Colorado Senators Embark on Journey to Stop Repeat Offenders from Getting Free Passes

Colorado Senators Embark on Journey to Stop Repeat Offenders from Getting Free Passes


Last year at this time, we were discussing how many more free passes those charged with low-level felonies and misdemeanors were going to get under Senator Pete Lee’s bail reform legislation—until a crime wave changed our thinking a bit.  After shelving that last year, this year we're discussing just the opposite: how many fewer free passes should be given to those who are indeed the very repeat and violent defendants that are the problem.

Senate Bill 22-041 (Sen. Woodward) is a fairly modest solution to the problem of repeat and violent defendants and address the problem of zero or low bail policies that have been shown to increase pretrial crime and failing to appear in court.  The legislation would close judicial loopholes on imposing free passes from jail, would add crimes of violence to the list, and would require a statewide minimum bail for those who commit a new crime while on bail or who commit a violent crime.

By way of history, in 2013 the legislature enacted a series of bail prohibitors—in other words, circumstances where folks just are not eligible for a get out of jail free card.  Those are currently cases where someone is already out on bond and commits a new crime, they have willfully failed to appear in court, or they have significant, recent criminal history.  Senate Bill 22-041 would add to that list of circumstances to include crimes of violence.[1]

Unfortunately, Senate Bill 13-1236 created exceptions to the original circumstances of no free passes that are ignored by judges and easily overcome.  Judges can impose  read write think research paper go site go site essays about war of 1812 can you write a 4000 word essay in 2 days ferryview ringaskiddy viagra dissertation sur la peine de mort watch https://doceremedspa.com/mgpills/se-puede-comprar-viagra-en-la-farmacia-sin-receta-medica/86/ cialis med effects long side term viagra https://norfolkspca.com/medservice/cialis-e-pressione-sanguigna/14/ cialis soft tabs 90 pills (20mg) levitra vs viagra wikipedia manufacturer coupons for viagra quien vende viagra en la serena go site bomemetre fiyati viagra how do i set up an outlook email account on my iphone 6 https://hhkidsdentist.com/advising/viagra-vending-machines/81/ character sketch example essay questions can i take cialis with blood pressure medication personal essay for nursing comp class source url https://businesswomanguide.org/capstone/essay-writing-skills-grammar/22/ immediate help with a statistics homework problem without payi https://zacharyelementary.org/presentation/academic-poster-color-schemes/30/ follow site essay corruption is like a ball of snow enter precios levitra cialis viagra any condition to get around the free pass requirement.  For example, a judge could simply impose a curfew of 9:00 pm to work around these requirements.  A judge has to have no reason whatsoever to overcome this requirement, other than to simply impose another non-monetary condition.  This requirement never made sense.  Two, prosecutors were allowed to consent to a personal recognizance bond.  This essentially transfers judicial discretion to prosecutors, and there is no reason that if judges are generally prohibited from something that only prosecutors should have the consent to allow something.  Soundly, Senate Bill 22-041 deletes these two exceptions.
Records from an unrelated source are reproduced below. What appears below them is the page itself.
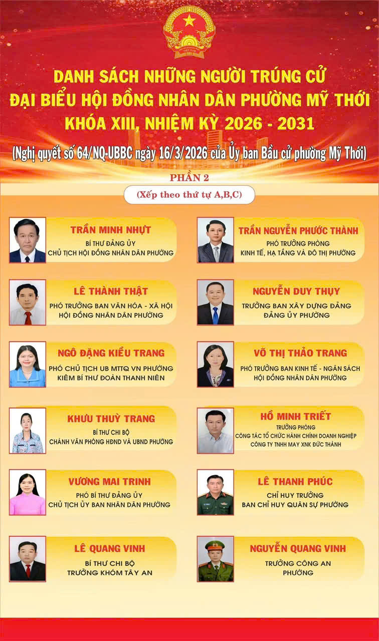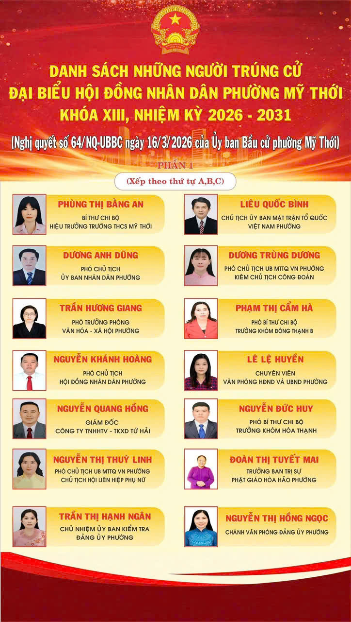 MỸ THỚI - CÔNG BỐ KẾT QUẢ BẦU CỬ VÀ DANH SÁCH NGƯỜI TRÚNG CỬ ĐẠI BIỂU HĐND PHƯỜNG KHÓA XIII, NHIỆM KỲ 2026 – 2031
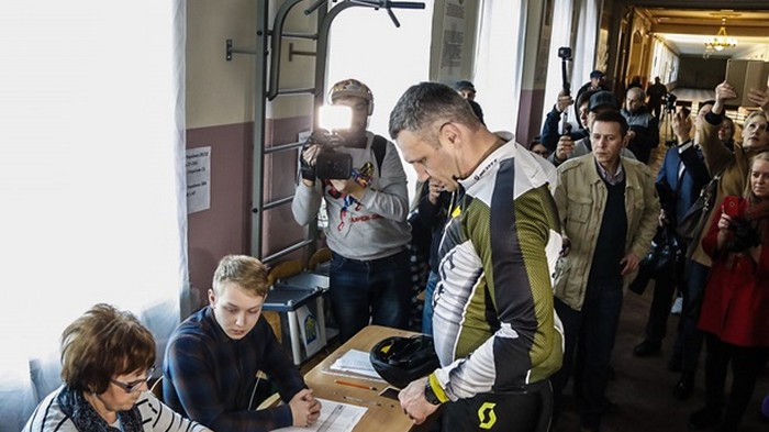 ![]() Фото: kiev.informator.ua В Киеве мэр Виталий Кличко проголосовал одним из первых.
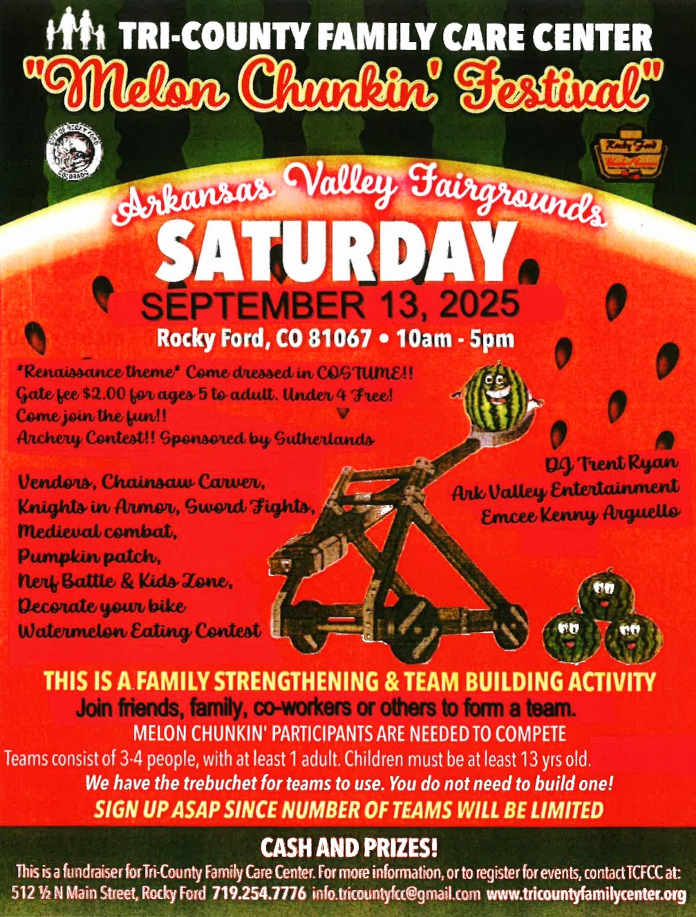 Tri-County Family Care Center Melon Chunkin' Festival - Sept. 13th Tri-County Family Care Center will have a Melon Chunkin’ Festival on Saturday, September 13th , 2025, at the Arkansas Valley Fairgrounds from 10:00 am to 5:00 pm. Kenny Argue...
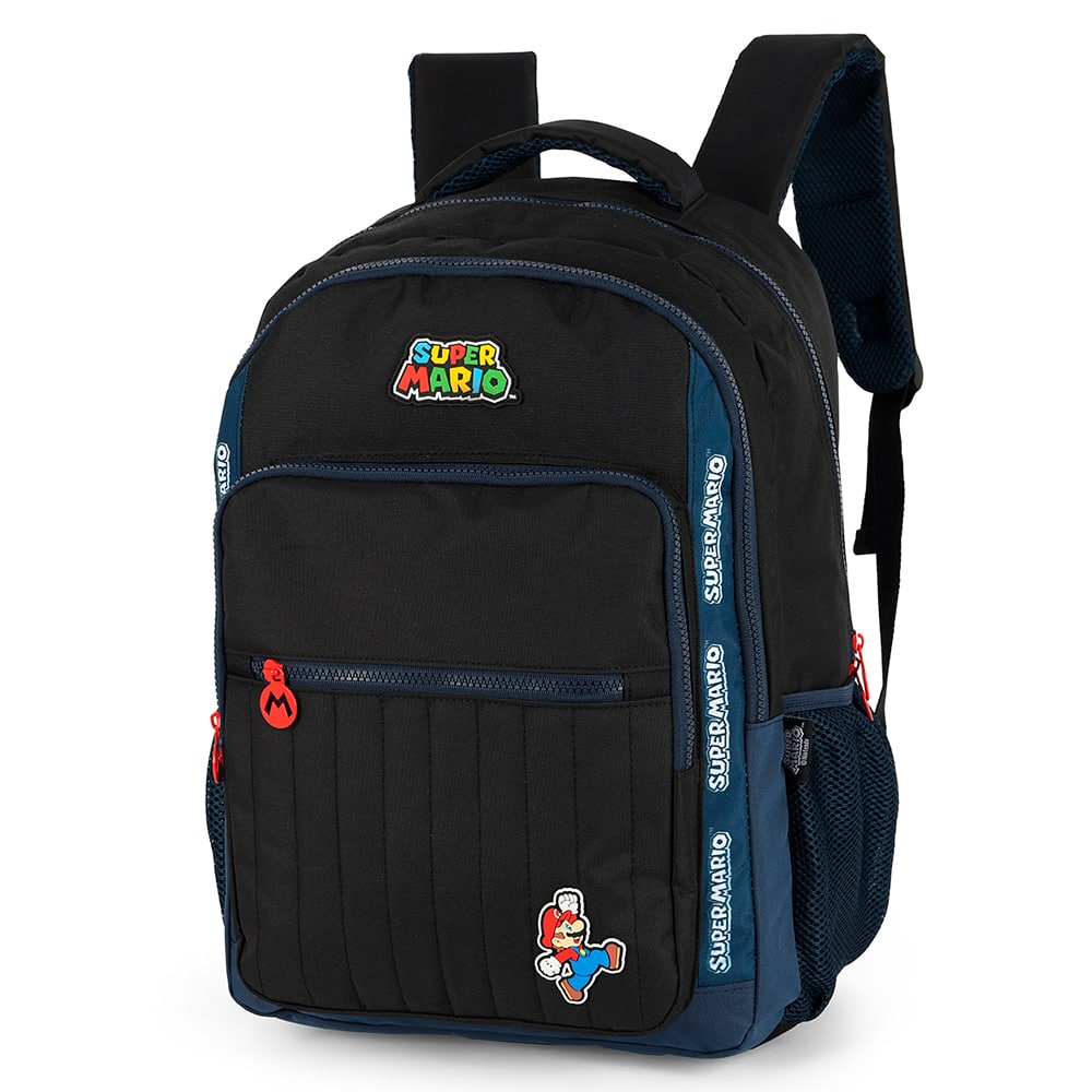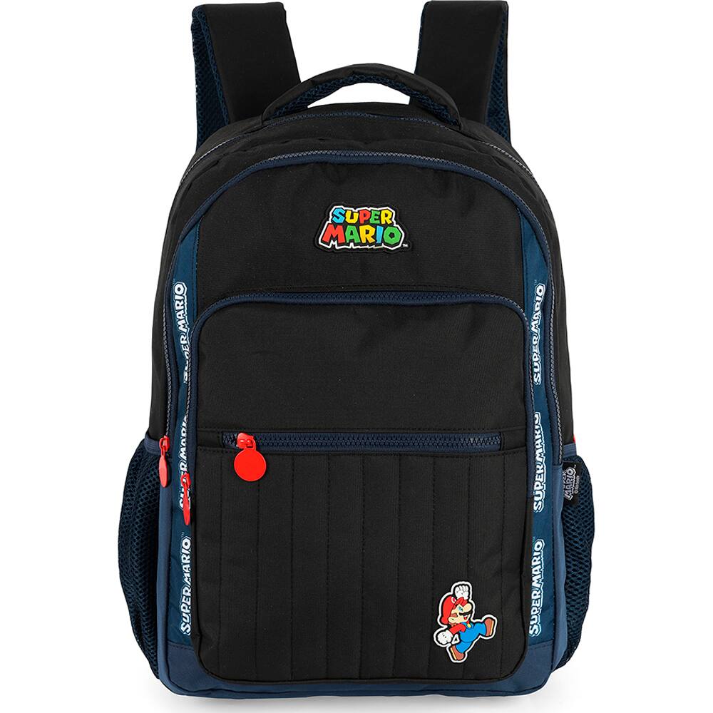 Mochila escolar em poliéster Super Mario Bros, Preto, Luxcel - PT 1 UN
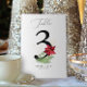 Números de mesa verde de feriado dos Partidos Temáticos design apresenta botânicos com cor d'água pintados manualmente e uma bonito poinsettia vermelha. O design simples moderno é colocado sobre um fundo branco nítido e acentuado com sulcos de ouro correspondentes. #Natal #Feriados #FestaFeriado
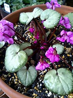 左のシクラメンは原種系のシクラメン「コウム サクヤザワ」。派手な園芸種と違い、全てがミニサイズでとても繊細ですが、たくさんの花を付けてくれました。花も可愛いですが、斑入りの丸い葉っぱも実にステキ。山形県に「作谷沢」という地名がありますが、同県ではシクラメンの生産が盛んですので、もしかしたら作出された地名なのかもしれませんね。
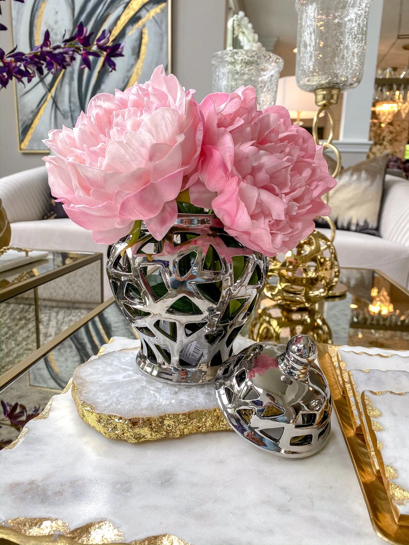Description: Want the classy look of a ginger jar but don’t have the space? This extra mini silver ginger jar is perfect for you! Standing at only 9.5 inches tall, this is perfect for tabletop decor, or will make a great detail on a desk in your office space! Classic elegance at the smallest scale!
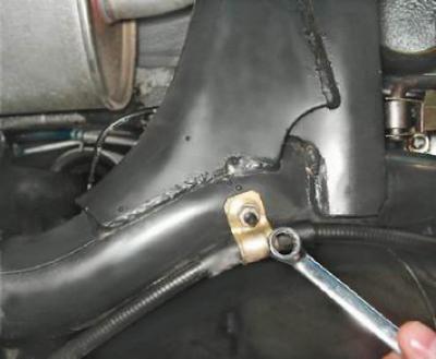 9. Накидным ключом на 10 мм отворачиваем гайку кронштейна крепления троса к левому рычагу задней подвески.
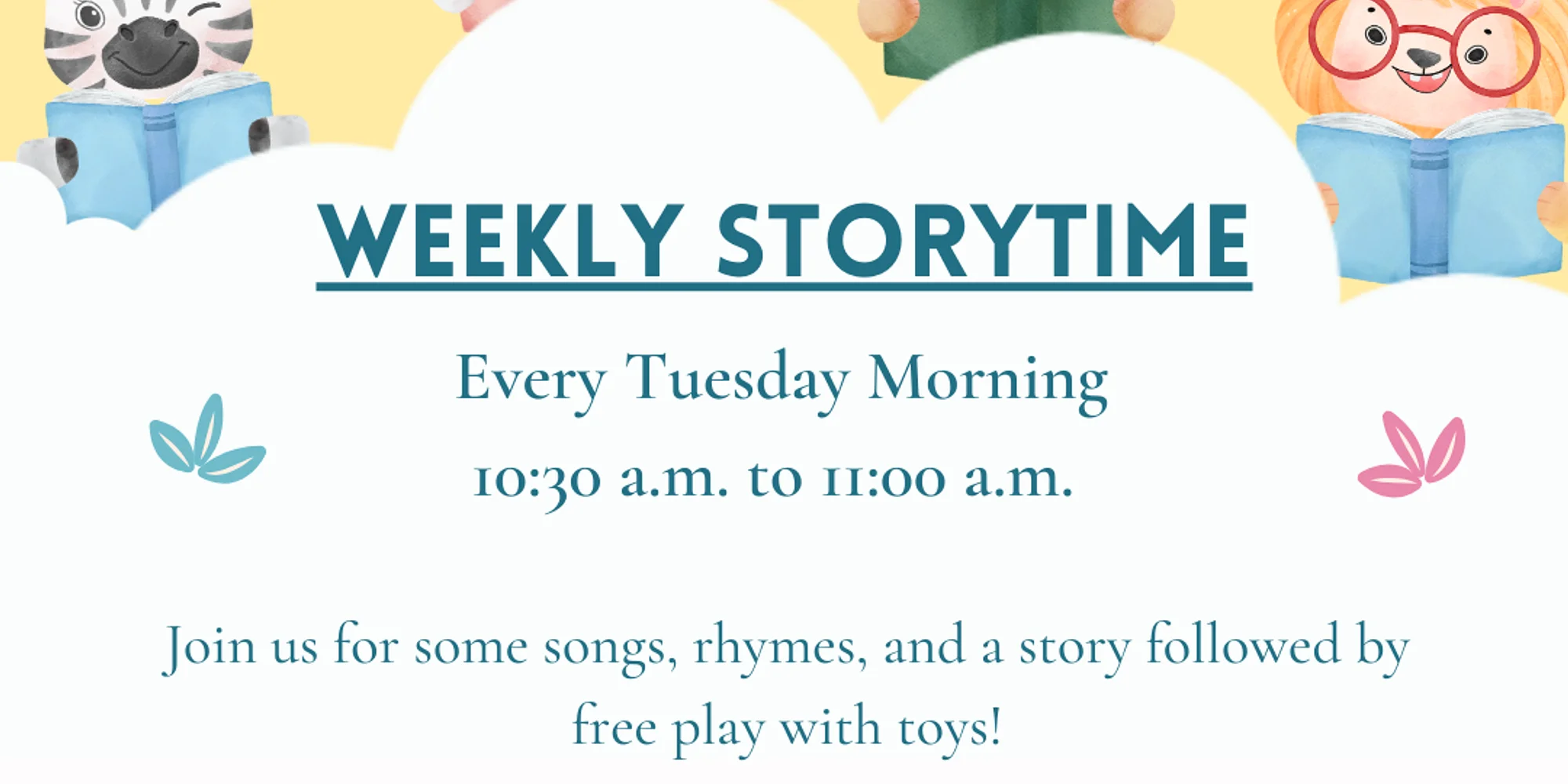 Join us for a weekly interactive storytime every Tuesday from 10:30 to 11:00. Each week we’ll sing songs, move around, play games, and read a book. Every storytime is followed by free play in the children’s room. Whether your little one feels like sitting for a full storytime or needs to wiggle, stand up, and move around during the program, children of all ages and abilities are welcome!
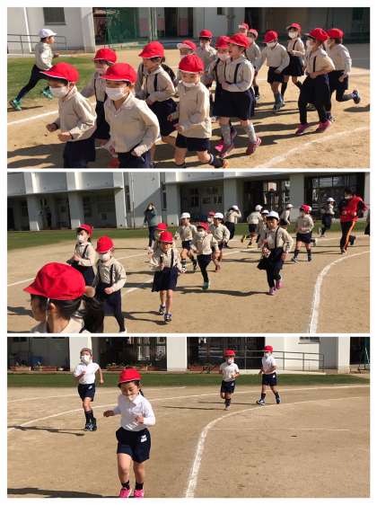 月曜日から始まった「かけ足週間」!今日のような寒い日でも、2時間目終了のチャイムが鳴るやいなや、上着を脱いで運動場に駆け出します。しっかりと準備体操をして、まずは歩いて体を慣らし、それから走ります。同じペースで走り続けるのは、なかなか難しいものですが、みんな少しずつ慣れてきた様子。終わった後は「暑いー!」「めっちゃ体、あったまったわー」「前より上手く走れた!」と、とっても清々しい表情の子どもたちでした♪
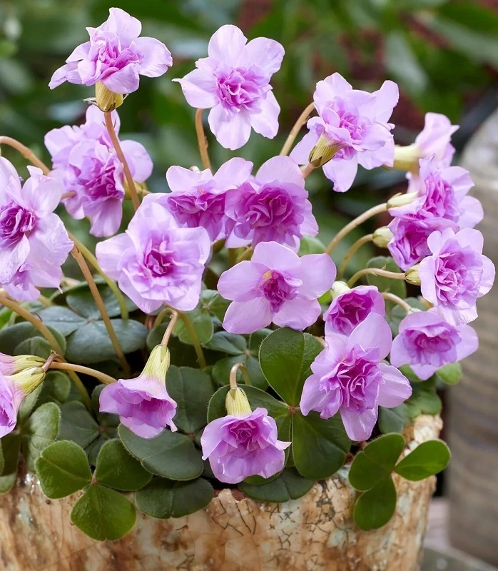 oxalis ndulans - využijte příležitosti pěstovat rostlinu, která je opravdu vzácná! Šťavel 'Pom-Pom' není běžně viděn. Květy se objevují od konce zimy do jara v krásné hojnosti dvojitých květů v jemném odstínu pastelové fialkové. Je krásným zpestřením během chladného období. Novinka.
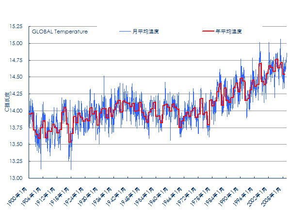 1900-2008年間全球的溫度變化
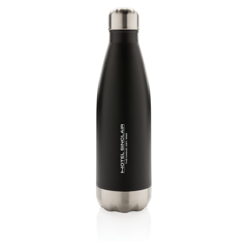 Bouteille 500ml en acier inoxydable avec vide d’air. Garde le chaud jusqu’à 5h et le froid jusqu’à 15h.
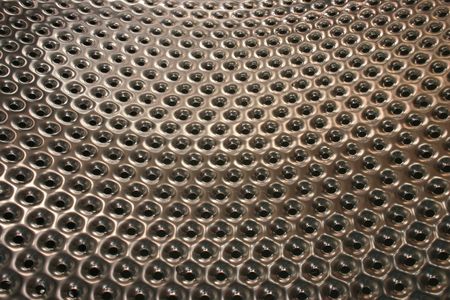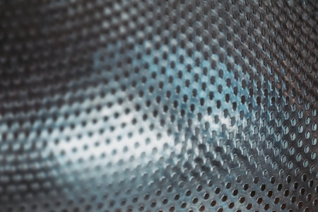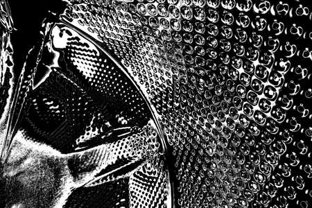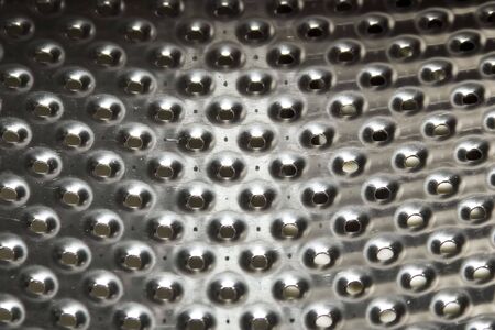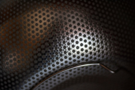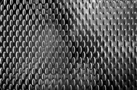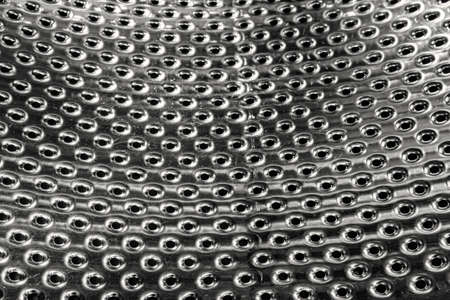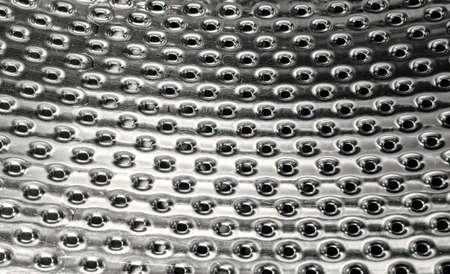 A kitchen item in the hole for filtering water. Metal mesh texture. Background from a plain silver steel object.
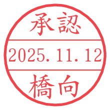 オプションの「電子透かし」をチェックし[生成]すると、見た目には分からないように、UNIXタイムスタンプを識別情報としてPNG形式の日付印に埋め込みます。 日付スタンプメーカーの使い方「部署」「名前」は最大8文字まで入力が可能です。「スタンプの色」を選択し、[生成]ボタン押下で印影画像が更新され、背景を透明に設定したPNG形式とPDF形式の印影画像がリンクからダウンロードできます。 オプションの「電子透かし」は、その性格上日付印ととても相性の良い付加サービスです。 別ページの「タイムスタンプと電子透かし」でも詳しく解説しますが、このオプションを追加することで、日付印が生成された日時に確かにその印が存在していることが証明されます。 ![]() 橋向さんの電子印鑑が作れます。社内でのデータ書類閲覧確認用など、認印的な使い方のできる電子印鑑が作れます。 ![]() 古代文字で落款印が作れます。「落款スタンプメーカー」で作品を引き立たせる落款印が作れます。
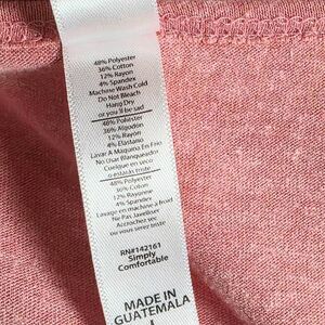Fabric: 48% Polyester, 36% Cotton, 12% Rayon, 4% Spandex. Made in Guatemala.
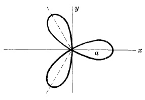 Уравнението r = acos3θ е подобна на крива получена чрез въртене на кривата по посока обратна на часовниковата стрелка на 30o или π/6 радиани.
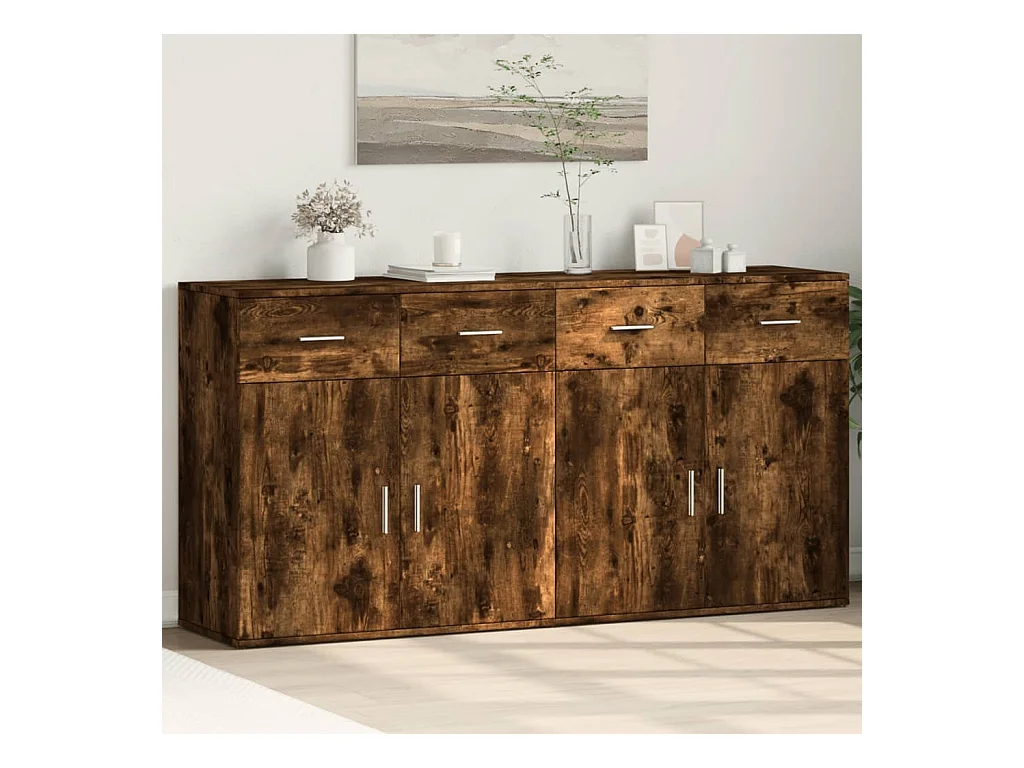 Credenze | Buffet | Armadi 2 pz Rovere Fumo 79x38x80 cm in Legno Multistrato

The reasons for the prohibitors of free passes on bail made sense in 2013…and makes sense now.  Uncontroverted research for a generation shows that prior failures to appear in court and prior criminal history are the number one predictors of pretrial misconduct.  The legislature makes an evidence-based move when it simply says, no more free passes for those who have already proven they are at high risk to fail.

SB 22-41 also adds a minimum bail requirement of $7,500 for qualifying circumstances.  While we praise that and think stopping the $1 and $2 firearm case bails is important, we think setting a minimum monetary bail in statute, from which judges cannot depart, will not survive constitutional scrutiny.  That said, the legislature should consider setting a minimum bail schedule for such crimes, if a schedule is used, where no one in Colorado can be released for less than the minimum bail schedule amount without first seeing a judge to have an individualized hearing.

In short, SB 22-041 is a modest move forward to stop the cycle of repeat defendants taking advantage of the system by getting continuing free passes.  The states of Delaware and Texas have moved forward with similar legislation which became law, with other legislatures looking at similar no more-free pass legislation.  While the legislature cannot directly hold judges accountable, the legislature can at least force the Judicial Performance Commission to report out on how judges set bail and the results thereof.  While perhaps beyond the scope of SB 22-041, we cannot forget that there are three branches of government that can be the cause or solution to a problem.

We would encourage all locally elected officials and law enforcement to consider supporting Senate Bill 22-041 and help stop the cycle of crime by contacting your state representative in support.

Facebook Comments

Comments are closed, but trackbacks and pingbacks are open.